描述（由申请人提供）：亨利·拉德齐维奇（Henry Radziewicz）是埃默里大学（Emory University）的一位高度积极进取的科学家，具有传染病医学专业，其总体目标是通过一项研究计划发展独立的科学生涯，旨在理解诸如肝炎病毒（HCV）等慢性病毒感染的发病机理。为什么大多数受感染者的适应性免疫反应失败？他的近期目标是通过研究职业奖（K08）获得资金，该奖项将为教学和研究提供足够的保护时间，以实现这一发展。他的长期目标是通过对其发病机理的了解，发现和测试更好地治疗慢性病毒疾病。 HCV感染了150-200万人，并引起慢性肝炎，肝硬化和肝细胞癌。它已成为美国肝移植的主要原因。当前的HCV疗法由于致残的副作用，需要延长治疗而难以忍受，并且仅在大约一半的接受治疗的患者中成功地用于美国主要基因型。需要更好的疗法。最近，已经发现了B7/CD28家族的几个新成员，并可能在调节对慢性病毒感染的免疫反应中起重要作用。

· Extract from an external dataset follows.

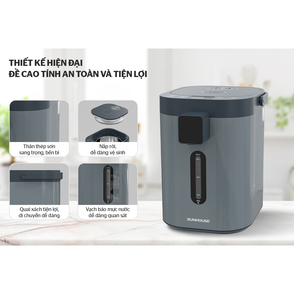 Bình thủy điện Sunhouse SHD1440 (3.2 Lít) có thiết kế hiện đại, kiểu dáng nhỏ gọn, màu sắc trang nhã, phù hợp với mọi không gian. Thân bình làm từ thép sơn bền bỉ, cách nhiệt tối ưu, có quai xách tiện dụng, dễ dàng di chuyển.
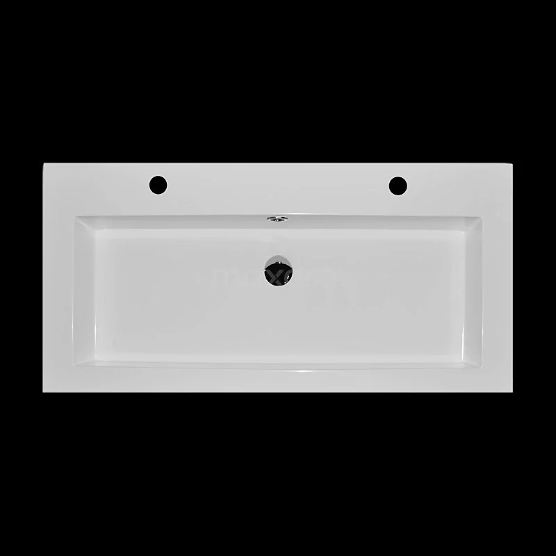 Het badkamermeubel is voorzien van een witte Milia-wastafel. Dit rechthoekige exemplaar heeft smalle randen die recht naar beneden lopen en een ronde overloop in chroom. De wastafel is vervaardigd uit mineraalmarmer, waarover een gelcoating is aangebracht voor een mooie glans. Krassen en vuil poetst u eenvoudig weg, waardoor dit materiaal zeer onderhoudsvriendelijk is.

一对分子PD-1及其配体PD-L1在对慢性鼠LCMV感染的免疫反应中表现出至关重要的作用。 PD-1/PD-L1的阻断增强了该模型中耗尽的T细胞的反应，并且处理的小鼠能够清除血清，肝脏和肺部的感染。我们假设无法在大多数感染患者中清除HCV病毒血症，这是由于PD-1/PD-L1共抑制系统的过表达。与研究职业奖一起，亨利想评估患有慢性HCV的人类的该系统，并测试抑制该系统是否改善了HCV特定的CD8+ T细胞的功能。亨利（Henry）提议的4年计划将在顶级科学家Arash Grakoui和Rafi Ahmed的指导下，包括一年的基本免疫学和信号转导研究，然后是三个基于实验室的研究集中年份。埃默里大学（Emory University）致力于帮助亨利（Henry）达到成为顶级科学家的目标，而埃默里（Emory）和疫苗研究中心的环境是年轻科学家蓬勃发展的绝佳环境。